Documentation page https://dlang.org/spec/function.html#scope-parameters about scope function parameters says simply that a scoped parameter "can't escape that function's scope". This concept can be very tricky with some non-trivial algebra of struct's members and pointers, so I think it's better to provide a general algorithm to state if an expression/statement involving one or more scope function parameters is valid or not.

On Friday, 15 April 2022 at 21:57:28 UTC, Loara wrote:

scope and return are both my nightmare. scope(exit) // blah blah, no problem and even return result It's okay...

But when I come across these elsewhere, it's scary. Especially in function parameters!

@SDB79

On Friday, 15 April 2022 at 23:17:26 UTC, Salih Dincer wrote:

Exactly, but i think that if correctly defined scope can be a very powerful tool, in particular when dealing with shared: we could define a safe critical block (or reuse synchronize blocks) guarded by mutex in order to automatically cast the selected shared variables as scope (via scope ref parameters).

On Friday, 15 April 2022 at 23:17:26 UTC, Salih Dincer wrote:

https://github.com/Loara/Rethink_scope_in_D/blob/main/README.md

On Sunday, 17 April 2022 at 08:57:40 UTC, Loara wrote:

The first example you give is actually well rejected but only in @safe code:

int* stack_allocate(size_t) @safe;

void test() @safe
{
    scope int *a;
    {
        scope int *b = stack_allocate(1);
        a = b;
    }
}

it's not mentioned in the specs for @safe however.

On Sunday, 17 April 2022 at 12:35:25 UTC, user1234 wrote:

int* stack_allocate(size_t) @safe;

void test() @safe
{
    scope int *a;
    {
        scope int *b = stack_allocate(1);
        a = b;
    }
}

It's not a compilation error, it's an incomplete documentation issue since if we follows only the official documentation this should compile, and it'll compile if we remove the innermost block (as explained in the next example).
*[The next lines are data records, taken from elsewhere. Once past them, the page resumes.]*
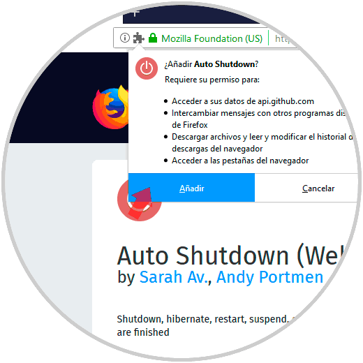 Para Firefox Quantum tenemos la opción de usar el complemento Auto Shutdown el cual podemos instalar de forma gratuita en el siguiente enlace: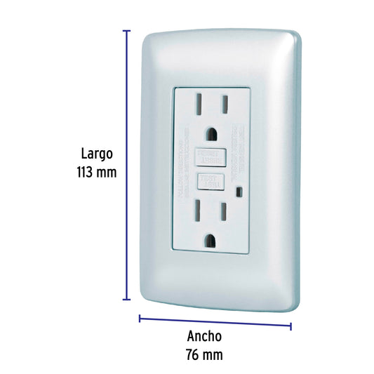 Proveedor:VolteckContacto dúplex falla a tierra GFCI, plata, línea Italiana Caja con 3, 49807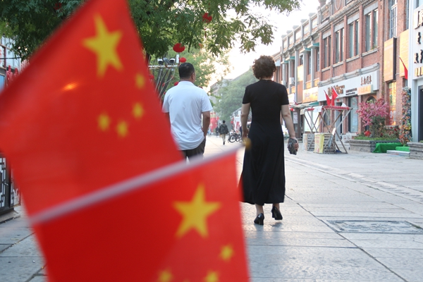 (營(yíng)口之窗網(wǎng)訊 李凱攝影報(bào)道)“十一”的營(yíng)口遼河老街,像被一層溫柔的紅紗輕輕裹住。不必刻意尋找,那抹國(guó)旗紅早已融進(jìn)老街的每一條脈絡(luò),連風(fēng)都裹著幾分喜慶的暖意。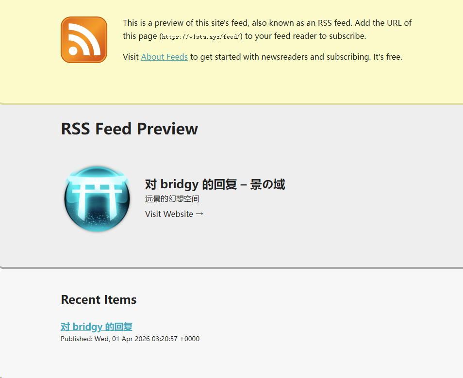 但是一位朋友提醒我,文章的评论RSS并不可用,只查询到文章本身的提要。我自己用RSS订阅器也发现了这一问题,居然只有一个页面本身的URL。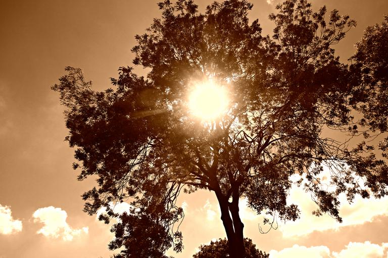 Keywords: tree tree top treetop sky sun sunlight sun shining through tree sunshiningthroughtree silhouette public domain dedication publicdomaindedication pixabay pexels mabelamber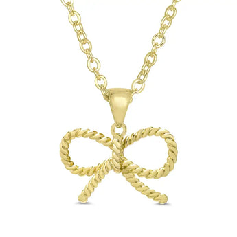This beautiful necklace features a bow pendant adorned with 18k gold plating. Chain is adjustable 14" - 16" and secures with lobster clasp. * Metal Type: Brass * Plating: 18k Gold * Penant Dimensions: 20 x 20 mm * Chain Length: Adjustable 14" - 16" * Clasp: Lobster

Making scope operation not transitive let it a cumbersome tool that force programmers to use a lot of casts.

Notice also that the preceding code will compile if we translate it to

import std.stdio;

extern int * stack_allocate() @trusted;

    int main() @safe{
        scope int *a;
        {
            scope int **b = new int *();
            *b = stack_allocate();
            a = *b;
        }
        return 0;
    }

because the scope storage class is not transitive.

The real question at this point is: we want to make scope only a tool in order to allow stack allocation, or we want to use it in order to avoid any indirection inside it to escape its scope (for example when we want to manage a shared object inside a synchronized block)?

I don't see at this moment any clear objective behind the scope attribute, any well defined purpose.

In the next articles I'll explain better the idea of a scoped block as a way to statically control which indirections escapes and which not.